What the task requires:
The reply should hold only the lines from the one with "A bed of steamed" to the one with "Suas aventuras são", both ends kept, exactly as they appear below, without any pictures.

Data for review:
- - -

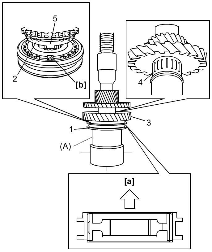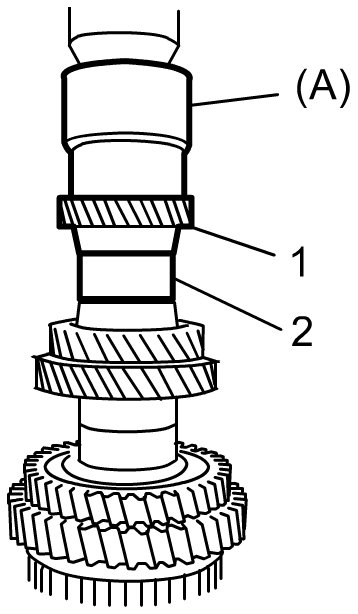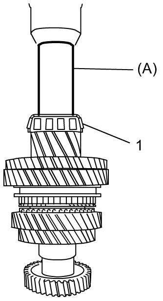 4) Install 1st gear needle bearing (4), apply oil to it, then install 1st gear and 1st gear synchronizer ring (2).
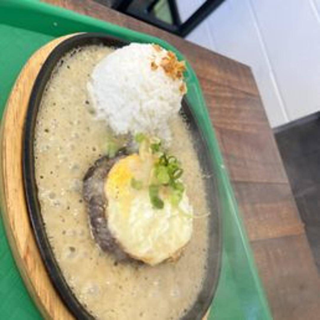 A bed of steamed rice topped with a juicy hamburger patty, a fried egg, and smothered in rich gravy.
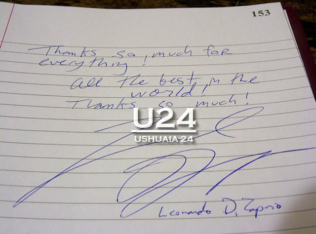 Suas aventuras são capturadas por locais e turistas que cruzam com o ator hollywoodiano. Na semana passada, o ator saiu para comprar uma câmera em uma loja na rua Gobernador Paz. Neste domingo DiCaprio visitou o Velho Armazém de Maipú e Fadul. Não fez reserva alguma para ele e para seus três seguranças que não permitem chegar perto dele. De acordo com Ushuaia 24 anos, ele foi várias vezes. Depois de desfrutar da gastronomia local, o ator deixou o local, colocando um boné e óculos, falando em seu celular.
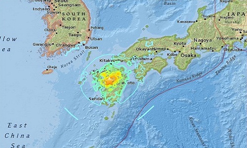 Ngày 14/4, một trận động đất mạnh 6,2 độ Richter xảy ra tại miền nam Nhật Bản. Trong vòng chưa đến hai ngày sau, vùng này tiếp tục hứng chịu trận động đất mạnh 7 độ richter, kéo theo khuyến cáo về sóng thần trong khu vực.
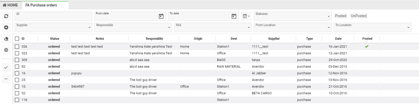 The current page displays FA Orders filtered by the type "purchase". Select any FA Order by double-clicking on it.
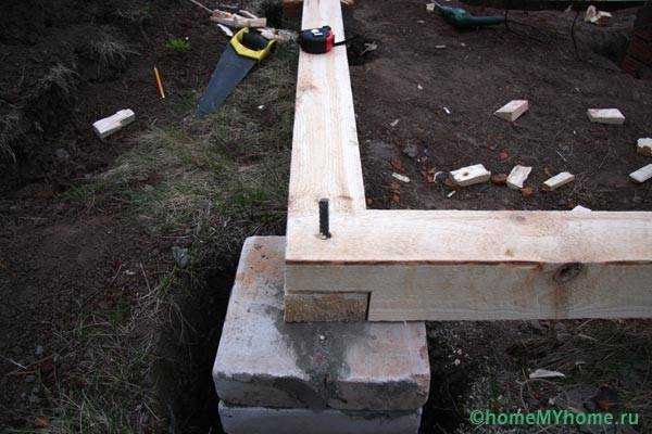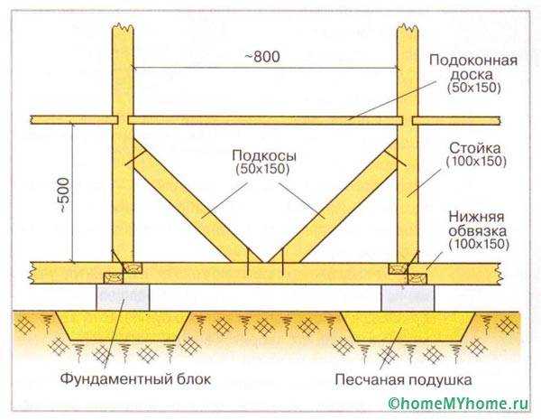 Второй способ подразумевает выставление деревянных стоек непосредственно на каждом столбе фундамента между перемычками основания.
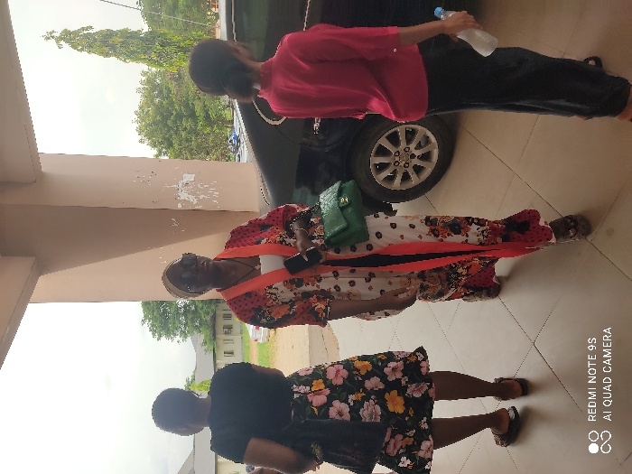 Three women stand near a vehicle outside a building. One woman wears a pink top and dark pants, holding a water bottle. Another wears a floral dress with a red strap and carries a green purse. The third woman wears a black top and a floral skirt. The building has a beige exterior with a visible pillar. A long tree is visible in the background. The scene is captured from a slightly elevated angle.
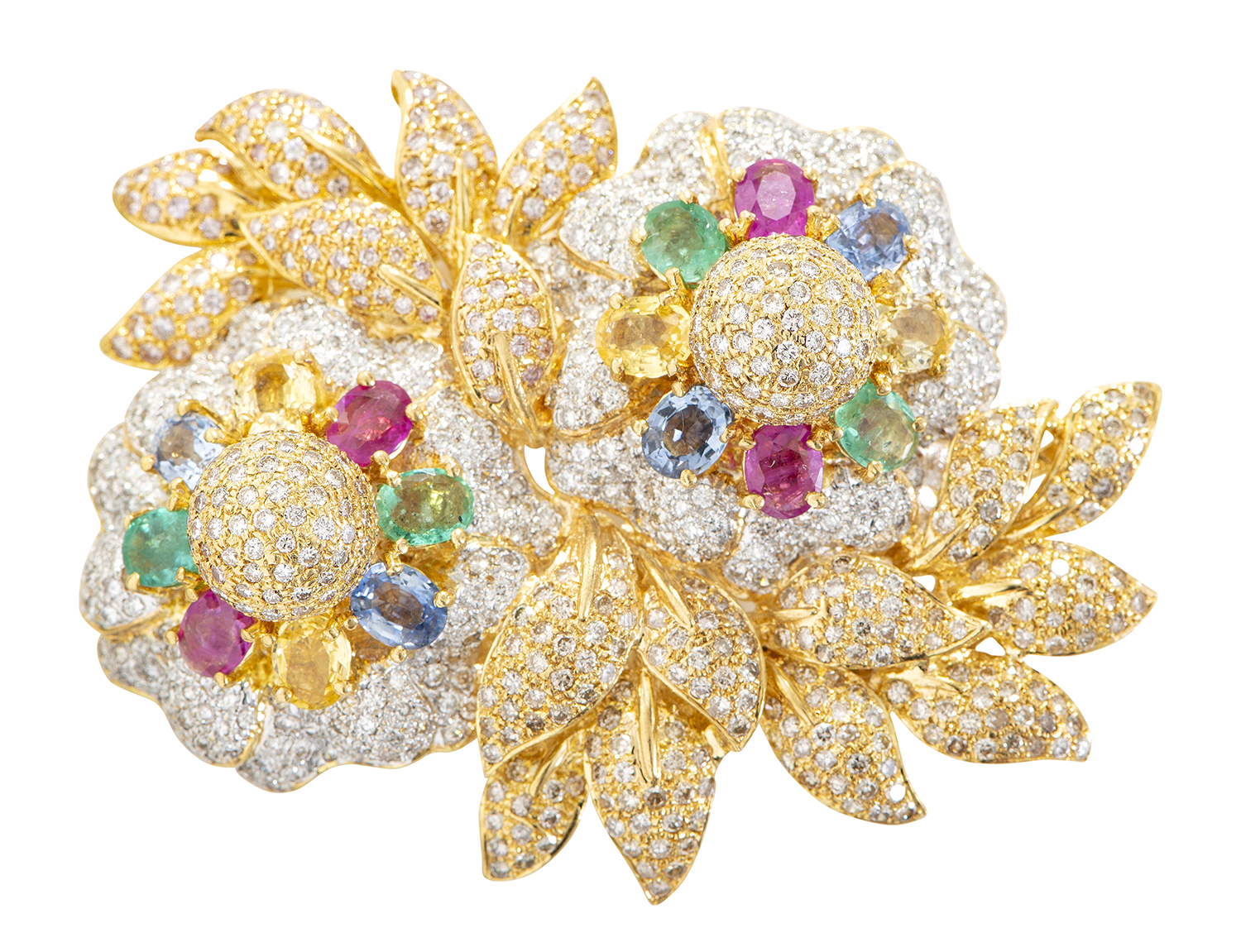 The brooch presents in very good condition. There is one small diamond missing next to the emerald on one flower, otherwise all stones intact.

- - -

The answer:
 A bed of steamed rice topped with a juicy hamburger patty, a fried egg, and smothered in rich gravy.
 Suas aventuras são capturadas por locais e turistas que cruzam com o ator hollywoodiano. Na semana passada, o ator saiu para comprar uma câmera em uma loja na rua Gobernador Paz. Neste domingo DiCaprio visitou o Velho Armazém de Maipú e Fadul. Não fez reserva alguma para ele e para seus três seguranças que não permitem chegar perto dele. De acordo com Ushuaia 24 anos, ele foi várias vezes. Depois de desfrutar da gastronomia local, o ator deixou o local, colocando um boné e óculos, falando em seu celular.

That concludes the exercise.